India Interior

Disrupting the stereotypes

Usha Rai | Updated on January 12, 2018 Published on January 13, 2017

Clothes make the man A garment folding competition for men at the Gender Mela in 24 Parganas, West Bengal



Gender-bender melas attempt to promote equality

The horrendous incidents of women being sexually assaulted in Bangaluru around New Year should reinforce the thinking among gender rights activists that across the country they need to work more with men and boys to ensure we have a gender just society.

Since 2016, the Centre for Health and Social Justice (CHSJ) has been steering a national campaign, Ek Saath (Together), for men and boys as partners in changing discriminatory social norms. The campaign, with a network of 100 voluntary organisations across 10 states (not in Karnataka, unfortunately), reaches out to 50 lakh people, building partnerships between men and women as well as men with other men.

In a focused way, the campaign addresses gender bias in domestic work, domestic violence, early marriage, unequal educational opportunities for girls, safety for women and girls in public places, and restrictions on their mobility. It is also identifying and training 10,000 male samanta saathis, or partners for equality, so that the programme can grow over the next five years.

In November 2016 a range of events were held in 1,900 villages, 300 towns and 500 educational institutes. In West Bengal’s 24 Parganas, development organisation Parichiti, which since 2000 has been working with women domestic workers and adolescent girls, joined 14 other organisations for the Ek Saath campaign.

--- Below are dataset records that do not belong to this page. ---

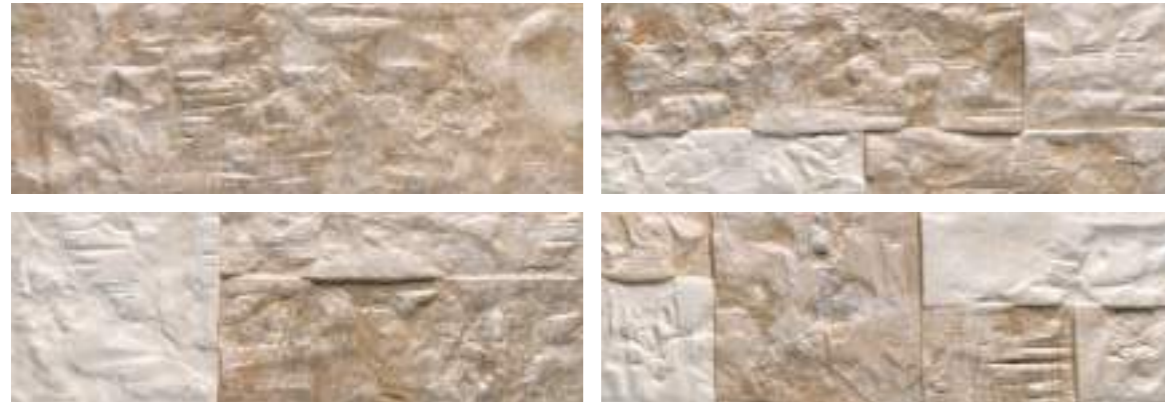
Marlstone Ivory 21x63 Cm · 8"x25" · K-39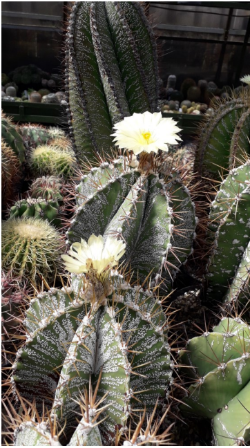
Nog enkele fraaie Astrophytums

er rekening mee houden dat de bloeiperiode ligt tussen september en november. Het zijn geen moeilijke planten. Dus de tijd van water geven ligt anders.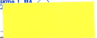
Viliam Blonoh štatutárny zástupca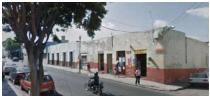
IMAGEN 1 Vista exterior de las casonas Av. Don Juan de Palafox y Mendoza 1201 y 1203 previa a su turistificación. Abril 2015.

Kakuli Deb of Parichiti, along with the others who are leading the campaign in Uttar Pradesh, Uttarakhand, Madhya Pradesh, Odisha, Jharkhand, Maharashtra, Himachal Pradesh, Rajasthan and Assam, was in Delhi recently to present her findings and explore ways to take the campaign forward. There were rallies, workshops, public meetings and meetings in colleges for an inclusive society.

‘Two nations’

As activists of CHSJ point out, “India is divided into two countries — one for men and boys and another for women and girls. In homes, in streets, in colleges and offices... women and girls face rules so different from those for men and boys that it is as though they inhabit separate worlds. Invisible, inflexible lines of control prevent women from enjoying the same citizenship of privileges, freedom and opportunities men have.”

To break these barriers, ‘Gender Melas’ were organised in the slums and small towns of Kolkata. A football goalpost was put up and 18-40 women, some with their saris neatly hitched up for mobility, took turns to shoot the ball into the goalpost. There may have been a few sniggers, but among the cheerleaders were several boys who were giving tips to mothers, sisters and neighbours on how to score goals.

Another game for women was shooting balloons with a gun. Playing with guns has traditionally been a boys’ sport. Now women were given the same guns to shoot a target. There was considerable debate before including this game, which could be seen as ‘violent’, in the mela. However, as a sport it made women realise they were as good as their male counterparts. The same message went out to the public attending the mela.

It was felt that men and boys had a greater role to play in removing man-made boundaries. “We did not tell the boys what games they would play at the gender mela,” says Kakuli. We only announced rewards. So there were tables with rolling pins, atta and cooking ranges. Boys were asked to knead the dough and make rotis. The person who made the most rotis in three minutes was declared winner.

Roll with it, men

There were fewer men than women at the mela. The winner was a labourer who was used to making rotis. He made seven perfectly round ones and had the women and men applauding his prowess. Other games for the men included folding saris, sheets, men’s shirts and trousers, seen as women’s chores.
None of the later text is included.